## WHAT NEEDS TO BE DONE
Return, exactly and in full, the lines of the records below starting at the one with "Chiều ngày 26/12/2025, tại" and ending at the one with "كنبه كبيرة .", and no other lines.

## MATERIAL SHOWN
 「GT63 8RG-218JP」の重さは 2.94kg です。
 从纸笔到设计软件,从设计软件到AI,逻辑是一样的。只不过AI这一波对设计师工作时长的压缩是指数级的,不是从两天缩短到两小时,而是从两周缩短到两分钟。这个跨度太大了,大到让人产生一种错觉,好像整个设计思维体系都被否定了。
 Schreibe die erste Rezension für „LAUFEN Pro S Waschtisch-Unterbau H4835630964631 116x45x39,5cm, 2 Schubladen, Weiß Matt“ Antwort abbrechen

==

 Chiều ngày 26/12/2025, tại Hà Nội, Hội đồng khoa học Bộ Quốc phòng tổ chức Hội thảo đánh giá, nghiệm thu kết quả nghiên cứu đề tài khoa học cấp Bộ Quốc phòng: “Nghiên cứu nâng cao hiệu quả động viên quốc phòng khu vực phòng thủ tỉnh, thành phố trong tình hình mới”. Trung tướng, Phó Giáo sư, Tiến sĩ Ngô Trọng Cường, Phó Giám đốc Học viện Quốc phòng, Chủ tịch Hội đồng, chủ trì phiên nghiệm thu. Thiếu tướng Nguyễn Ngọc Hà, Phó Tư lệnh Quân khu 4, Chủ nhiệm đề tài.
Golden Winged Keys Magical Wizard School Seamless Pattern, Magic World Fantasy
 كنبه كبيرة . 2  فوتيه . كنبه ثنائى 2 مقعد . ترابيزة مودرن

## TASK OUTPUT
 Chiều ngày 26/12/2025, tại Hà Nội, Hội đồng khoa học Bộ Quốc phòng tổ chức Hội thảo đánh giá, nghiệm thu kết quả nghiên cứu đề tài khoa học cấp Bộ Quốc phòng: “Nghiên cứu nâng cao hiệu quả động viên quốc phòng khu vực phòng thủ tỉnh, thành phố trong tình hình mới”. Trung tướng, Phó Giáo sư, Tiến sĩ Ngô Trọng Cường, Phó Giám đốc Học viện Quốc phòng, Chủ tịch Hội đồng, chủ trì phiên nghiệm thu. Thiếu tướng Nguyễn Ngọc Hà, Phó Tư lệnh Quân khu 4, Chủ nhiệm đề tài.
Golden Winged Keys Magical Wizard School Seamless Pattern, Magic World Fantasy
 كنبه كبيرة . 2  فوتيه . كنبه ثنائى 2 مقعد . ترابيزة مودرن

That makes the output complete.